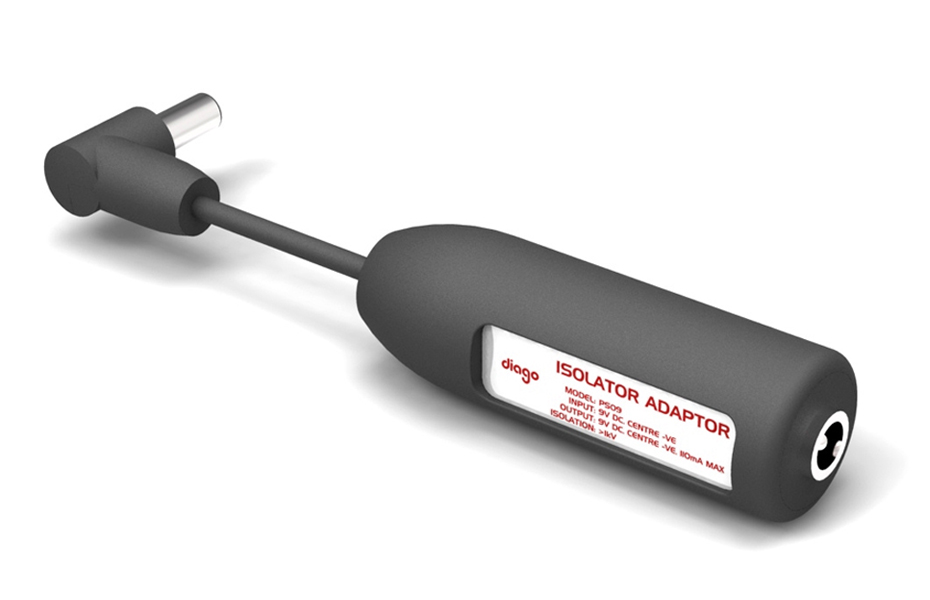 Diago PS09 Isolator Adaptor. Häiriön suodatin, joka poistaa häiriöt, joita syntyy usein kun signaaliketjuun kytketään sekaisin digitaalisia ja analogisia pedaalaje. Kannattaa kokeilla myös muihin ongelmatilanteisiin häiriöiden ilmaantuessa .
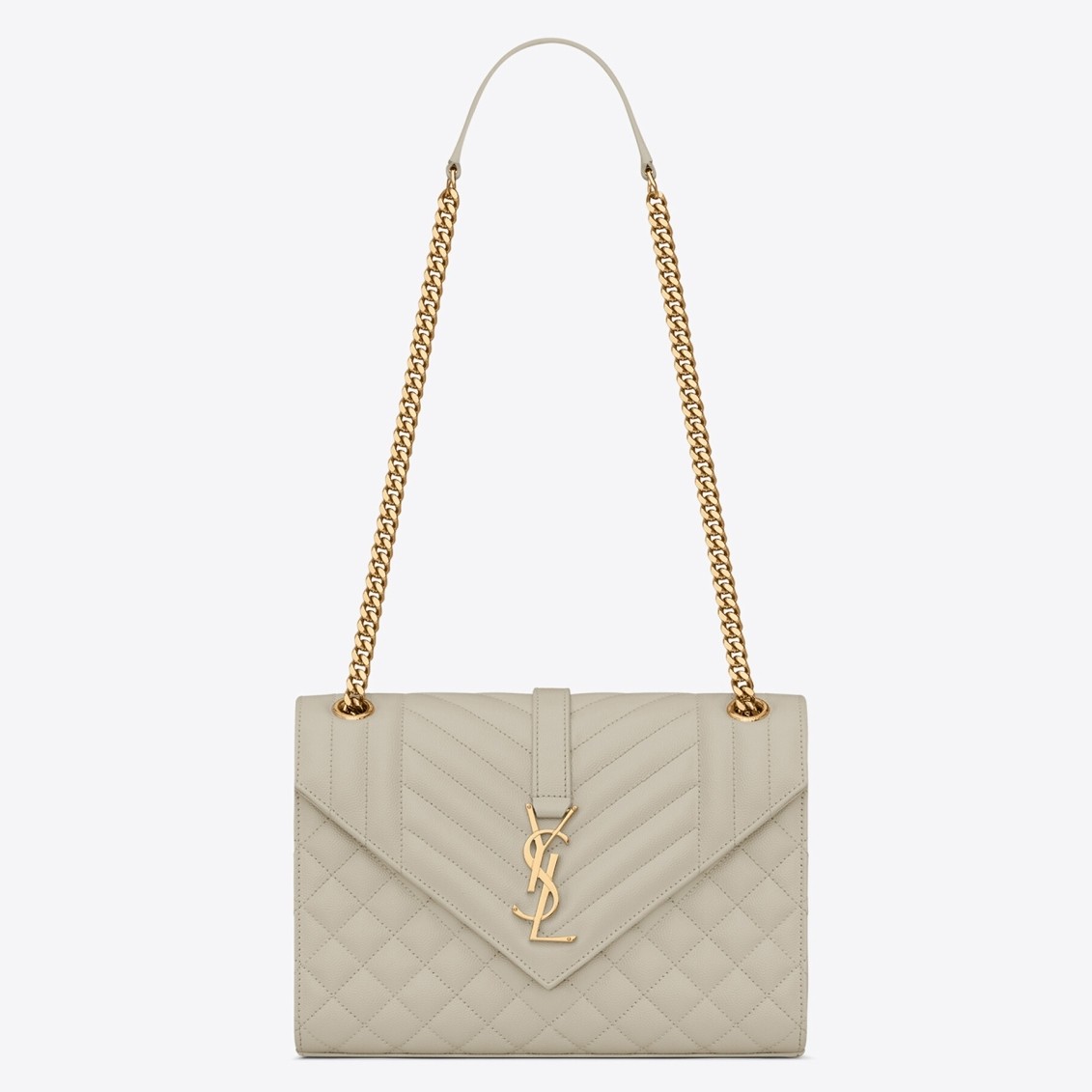 Instantly recognisable courtesy of the ‘YSL’ logo punctuating the matalass?? leather, Saint Laurent’s swoon-worthy shoulder bag is loaded with style prowess. Rendered in Italy, the envelope silhouette boasts a magnetic fastening opening up to reveal a roomy interior with a slip pocket, while the classic chain strap exudes after-dark allure.
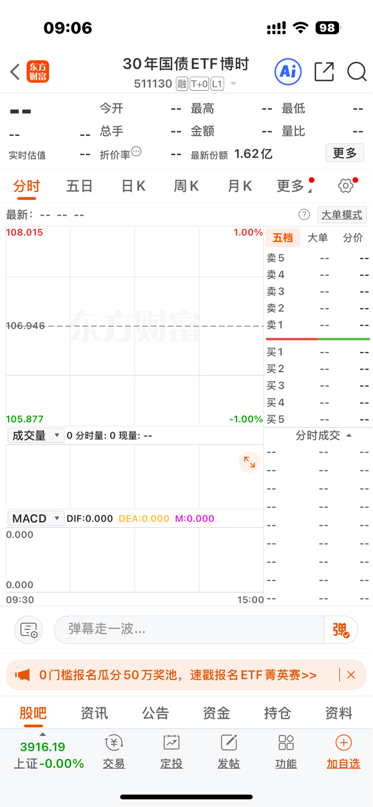 $30年国债ETF博时(SH511130)$ 昨儿尾盘翻红,感觉还挺惊喜

What you have to do:
Each of the lines above should be transcribed exactly; no image is to be copied.

Result below:
 Diago PS09 Isolator Adaptor. Häiriön suodatin, joka poistaa häiriöt, joita syntyy usein kun signaaliketjuun kytketään sekaisin digitaalisia ja analogisia pedaalaje. Kannattaa kokeilla myös muihin ongelmatilanteisiin häiriöiden ilmaantuessa .
 Instantly recognisable courtesy of the ‘YSL’ logo punctuating the matalass?? leather, Saint Laurent’s swoon-worthy shoulder bag is loaded with style prowess. Rendered in Italy, the envelope silhouette boasts a magnetic fastening opening up to reveal a roomy interior with a slip pocket, while the classic chain strap exudes after-dark allure.
 $30年国债ETF博时(SH511130)$ 昨儿尾盘翻红,感觉还挺惊喜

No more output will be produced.